Kirby Daley, senior strategist at Newedge Group does not believe the U.S. markets have clocked in at the bottom. Here he tells CNBC how to identify the bottom in the equity markets and the economy.
Daley's bottom line: Recovery hinges on consumer spending. Look for the bottom of the economy to come six months after an uptick in consumer spending.
Note that Daley says to check the federal flow of funds report for an "uptick in the annual rate of change of the aggregate net worth of the consumer." You'll find the raw, annual numbers on the Federal Reserve's B.100 Balance Sheet of Households and Nonprofit Organizations, page 102, line 42. The net worth category hasn't been this low since 2003.
Meanwhile, the U.S. Department of Commerce's Bureau of Economic Analysis tabulates consumer spending's ups and downs. (Here's its report for October: http://www.bea.gov/newsreleases/national/pi/pinewsrelease.htm.) If you're following Daley's input, then it looks like the economy should rebound after six months of positive numbers in the "Personal consumption expenditures" category.

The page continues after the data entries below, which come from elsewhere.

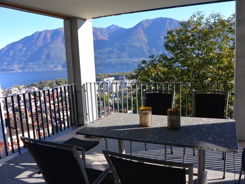 For sale panoramic apartment in Locarno, Switzerland. Locarno, located about 30 km north of Lugano, is a major tourist resort in Ticino, known for its film festival, in Switzerland. The apartment is located in the tower, near the historic city center, built in the thirteenth century in the family Visconti of Milan. In a short time you can reach the Lido Locarno. The apartment is spread on two levels, it has a beautiful view of the lake, which offers a beautiful setting with a modern touch. The apartment consists of: First level: • cold • 2 rooms • wardrobe • shower • Bathroom • Laundry • Room for hobbies. Second level: • Living-room • Kitchen • Dining room • Studio • Bathroom. The apartment has a large covered terrace, which extends on both levels and enjoys a private garden and green area. The house has a basement and two parking spaces on the lower level. Surface: 200 m2 Price: CHF 3'100'000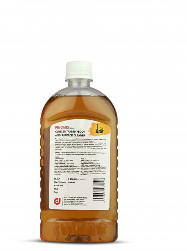Pinomix is a Herbal, Concentrate floor & Surface Cleaner. It is made of finest quality pine of Pine and natural Camphor oil which is well recognized as a natural anti-microbial agent. Pinomix comes loaded with neem oil and terpineol, both of with are natural anti-maicrobial agents.
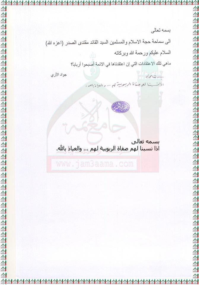 الاعتقادات الباطلة في الائمة صلوات الله عليهم(استفتاء للسيد القائد بتاريخ27-7-2011)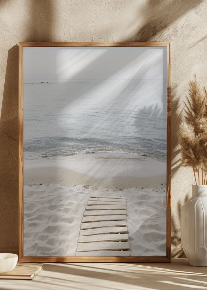 Denna vackra poster fångar essensen av en lugn stranddag, med en träpromenad som leder ner till havet. Denna print kommer att ge ditt hem en känsla av ro och sommar, perfekt för att skapa en avkopplande atmosfär. Motivets enkelhet framhäver det naturliga landskapet, vilket gör att denna affisch passar in i många olika inredningsstilar.
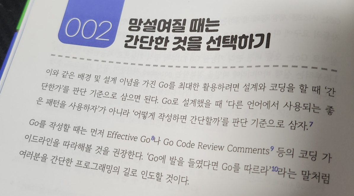 - Go가 추구하는 방향성 중 하나가 바로 '간결함' 이다. 어떤 문제에 대해 간결하게 해결할 수 있는 방안을 모색하고 사용하는 것이 Go의 모토인 것 같다.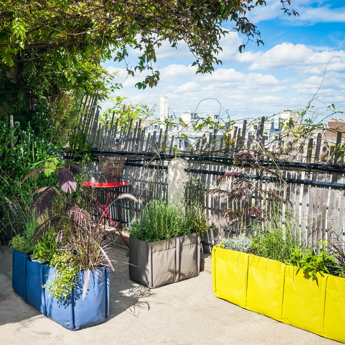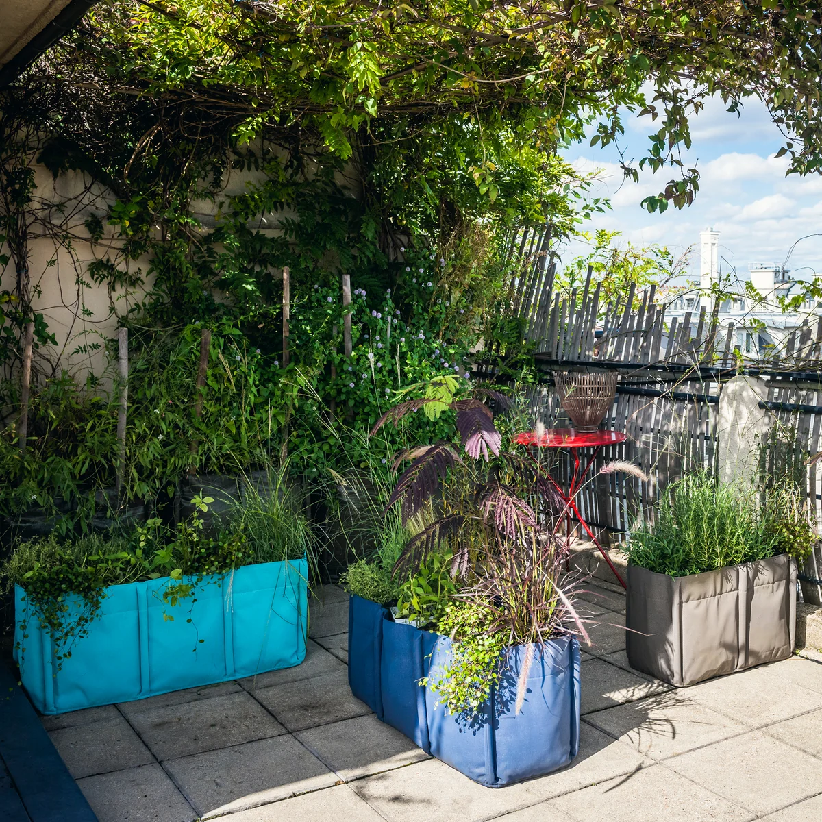 Designer Godefroy de Virieu und die Landschaftsgärtner Louis de Fleurieu und Virgile Desurmont schufen hierfür eine Kollektion von Pflanzsäcken, die aus 100% recyclebarem Geotextil oder Batyline bestehen, atmungsaktiv und wasserdicht, sowie UV-beständig und frostresistent sind. Die Bacsac Pflanztaschen sind ausserdem enorm leicht und lassen sich im Gegensatz zu schweren Pflanzkübeln bequem und einfach auf jede Dachterrasse transportieren.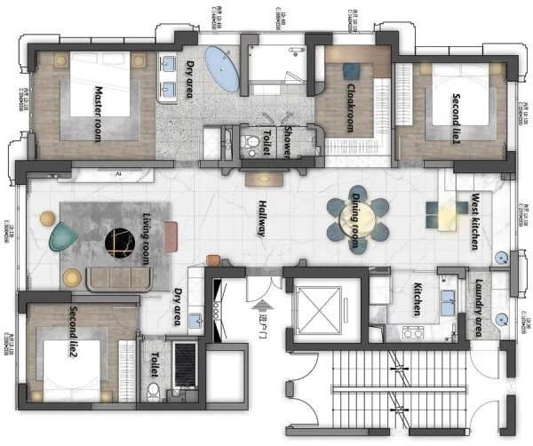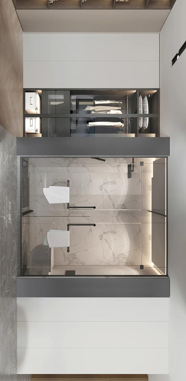 整个空间更加宽敞,衣帽间位于卫生间边上,使用更加便捷,也让卧室与卫生间更加一体化。

Note that that category hasn't been in the positive since June.
Just f.y.i....





Comments: 25
I think it's going to take the Obama Administration's infusion of cash into the infrastructure of this country to put a halt to this trend. Just my two cents.
I just read your comment and I know there has been a lot of car sales in our area because of all the great deals out now.
My husband and I was just chatting about that very thing the other day. It does seem very risky at this point
I do not know how I have been missing your posts lately. I will have to catch up on this later tonight.
Well, that's nice. And how, pray tell, are we to pay for them? If people had money to be buying cars, wouldn't they have been doing it all along? And GM supposedly wouldn't be in this mess?
But honestly? I don't see this getting better till maybe, 2010, and then it will be a slow process. It may not be a years lasting depression like the Great one, but it will be very hard.